While Trump at the G7 Meeting just said in Macron's face "I'm the boss", cheerful atmosphere in sunny Brussels.
After twenty-four hours at the European Competition Forum, the first impressions are becoming sharper. The Forum, we learned, apparently began as a chat, with the European Commission also present, on a platform which one hopes was not itself the competition problem.
A second reason was more practical: the familiar pilgrimage to Washington to talk antitrust. At some point, someone apparently asked the obvious question: why not talk antitrust in Europe, without the jet leg? From that perspective, the Forum could become something the place (.Square") where antitrust practitioners from across the world come to discuss competition law not in Washington DC, but in Brussels. Or, as Executive Vice-President Ribera put it, in “the capital of the rule of law”.
At least yesterday and this morning, and this may change this afternoon or on the third day at the latest (when I will no longer be there), the panels followed a familiar pattern: competition authorities, some academics, companies, and possibly consultants, although not always clearly identified as such. Unsurprisingly, no one in the latter categories volunteered any possible conflicts of interest.
As for substance, frankly, there was little that a regular reader of this blog would not already know rather well. Antitrust received the usual beating: proceedings take at least seven years, while regulation is expected to be broader and faster. There was considerable praise for interoperability, including under the DMA. Unsurprisingly, once AI and interoperability entered the discussion, operating systems followed immediately, with Android and Apple as the obvious reference points.There was also a brief reference to digital sovereignty, innovation & Co. coupled with the familiar suggestion that competition policy can do little in these spaces.

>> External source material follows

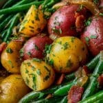 A flavorful Cajun-inspired dish featuring tender baby red potatoes and fresh green beans smothered in a savory onion and garlic sauce with crispy bacon and aromatic Cajun seasoning, perfect for a comforting side or vegetarian-adaptable meal.

On this point, I disagree. It is not competition policy as such that can do little. It is this kind of competition policy (besides the mixed, ex ante DMA) that can do little. A different competition policy could matter considerably more. But we are clearly not there yet. The intellectual centre of gravity remains markedly traditional and proven ineffective if not plain wrong.
That said, traditionalism is not a certainty any more; Yesterday, for instance, we heard some openings from the current EC competition chief economist that were broader than what we have heard from another entrenched IO economist, Fiona Scott Morton, who had also been considered for the same role. In that respect, one may say, with some relief, that the appointment could have been worse.